Sir Willoughby stood up and walked to the bell-rope by the fire-place, which he pulled sharply.

‘I have rung for Bargate to return. I must ask you to leave my house.’

‘But this man Jinkinson has gone missing, Sir Willoughby. He has not been seen for more than a week. Perhaps the conversation you had with him might throw some light on his
disappearance.’

‘I doubt that very much. I suggest you leave at once, sir. I have no time for Jinkinsons and those who skulk about the city in pursuit of them.’ The door opened and the antiquated
servant reappeared. ‘Bargate, Mr Carver is leaving. Be so good as to show him out.’
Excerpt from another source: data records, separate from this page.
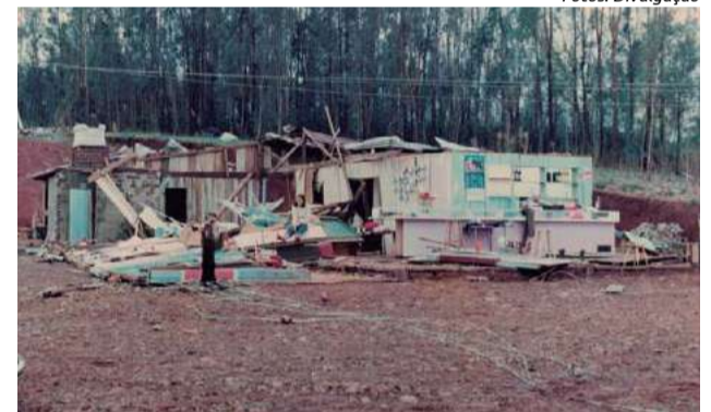
Episódio provocou destelhamentos e destruição na maior parte da cidade
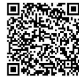
新年度募集状況表
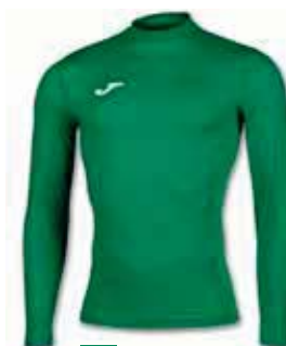
101018.450 GREEN MEDIUM
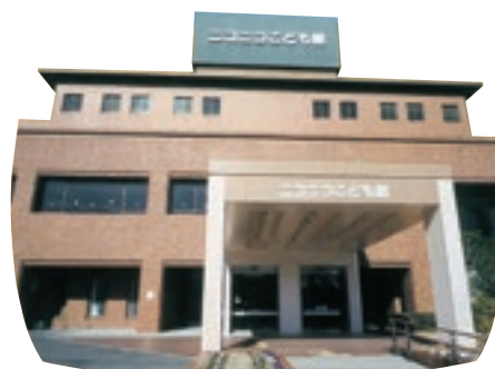
公設「ニコニコこども館」
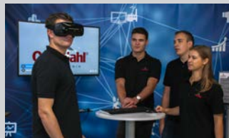
Bereich Wirtschaftsinge- nieurwesen - Fachrichtung Innovations- und Produkt- management (m/w/d) | 15
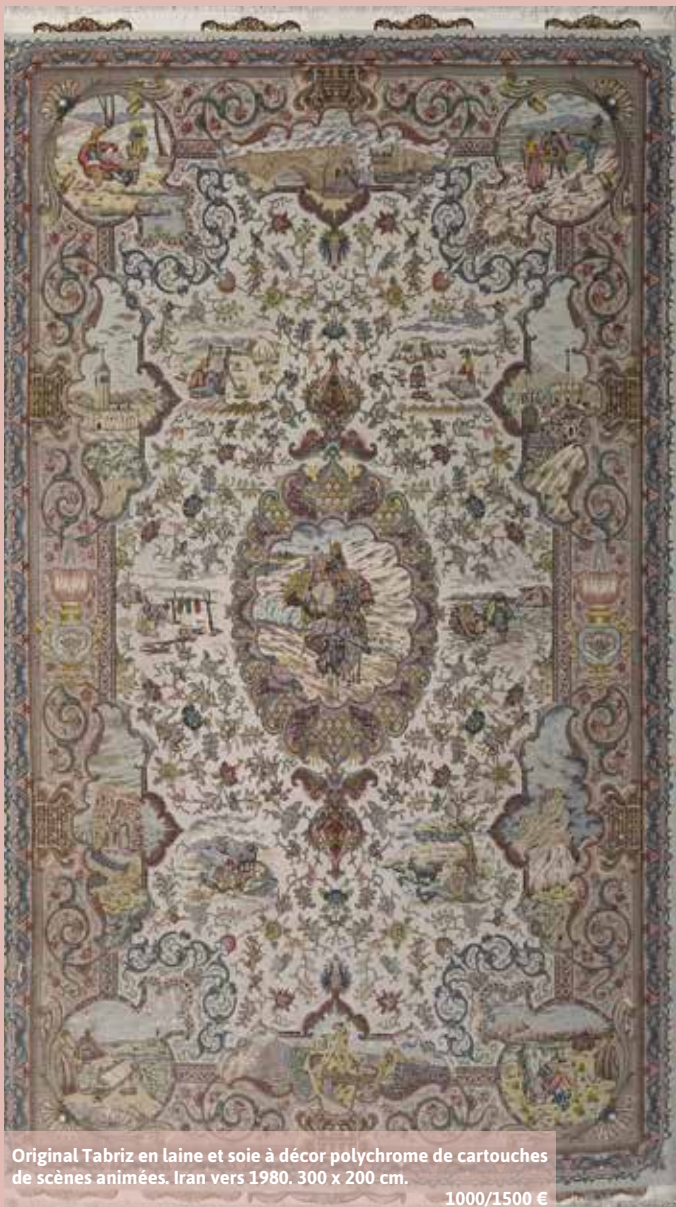
Original Tabriz en laine et soie à décor polychrome de cartouches de scènes animées. Iran vers 1980. 300 x 200 cm. 1000/1500 €
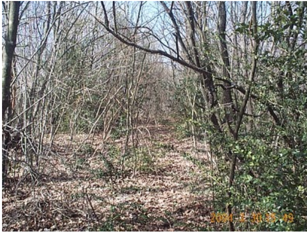
Azimut de la prise de vue : 390 gr
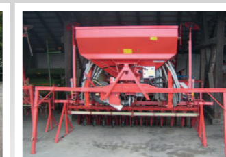
2157663 Kverneland S-Drill 3,0 24-cx 14.286 €, Fahrgassenschaltung mit Spuranreiser, Arbeitsbreite: 3m, 24 CX Schare, Tankinhalt: 1050 l
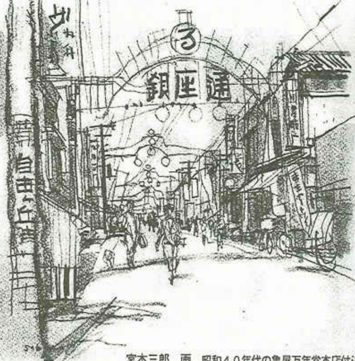
宮本三郎 画 昭和40年代の龜屋万年堂本店付近
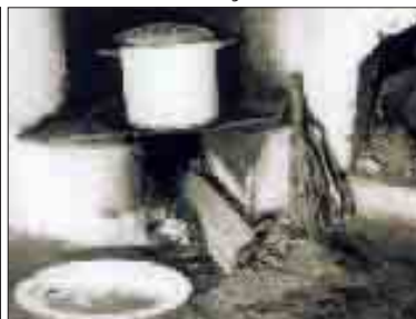
Autor: Nidia Anunciação
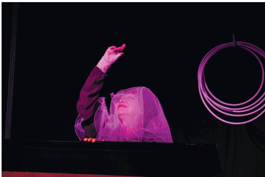
З вистави «Таємниця Шопена»
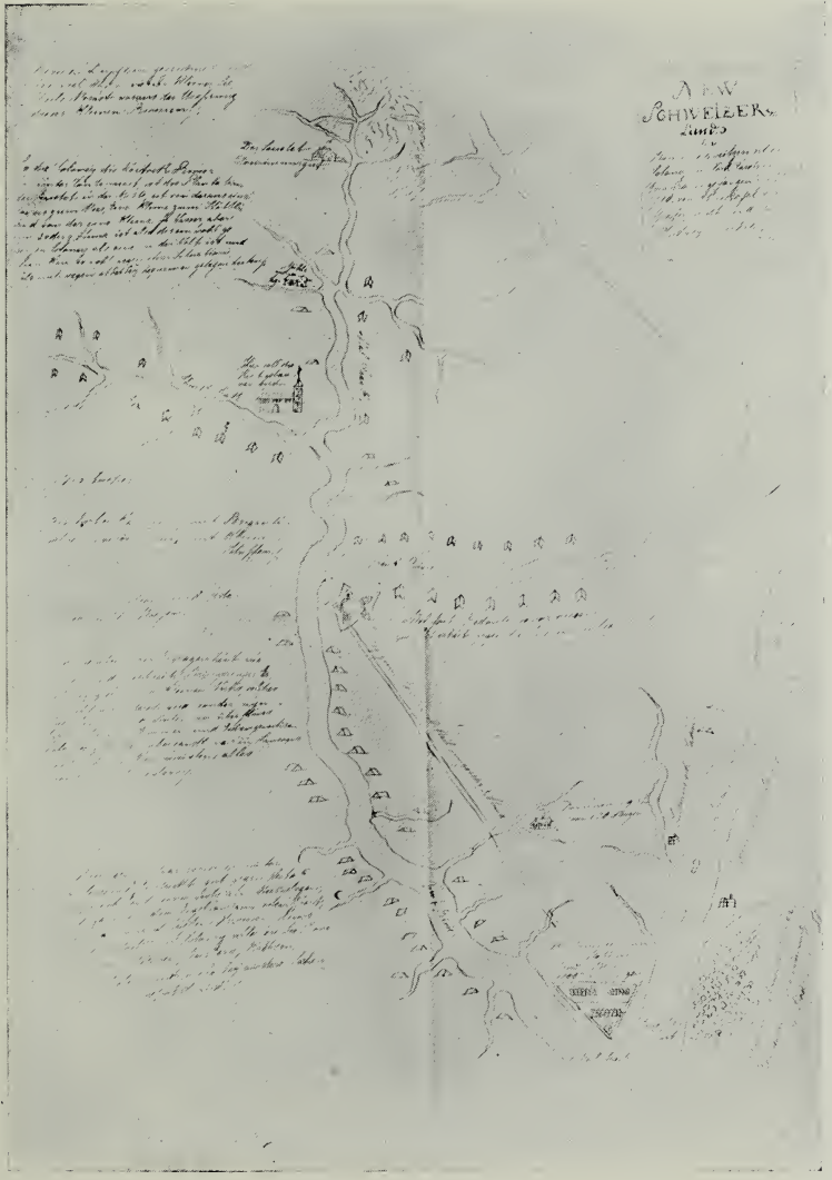
GRAFFENRIED'S PLAN OF THE TOWN OF NEW BERN

Adam had no choice but to pick up his hat and depart. He strove to look the baronet in the eye before he left, but Sir Willoughby had already performed the aristocratic trick of dismissing from
his attention anything or anyone he no longer wished to acknowledge. Adam had ceased to exist for him. The young man could only turn and follow Bargate, leaving Sir Willoughby alone with his
ancestors. Enveloped in cigar smoke from head to foot, the baronet remained standing impassively beneath the portraits of long-dead Oughtreds.

CHAPTER TWENTY

A
nd so this man Creech or Sinclair or whatever he chose to call himself was a blackmailer?’

‘It looks very much like it.’

Cosmo Jardine laughed. He and Adam were sitting in the painter’s studio. The rays of the setting sun were drifting through the room’s large windows and falling unforgivingly on
King Pellinore and the Questing Beast
. The young artist was staring intently at his painting. As Adam spoke, he stood and moved towards his easel. He picked up a sheet from the floor and
threw it over the canvas, hiding the image of the Arthurian knight.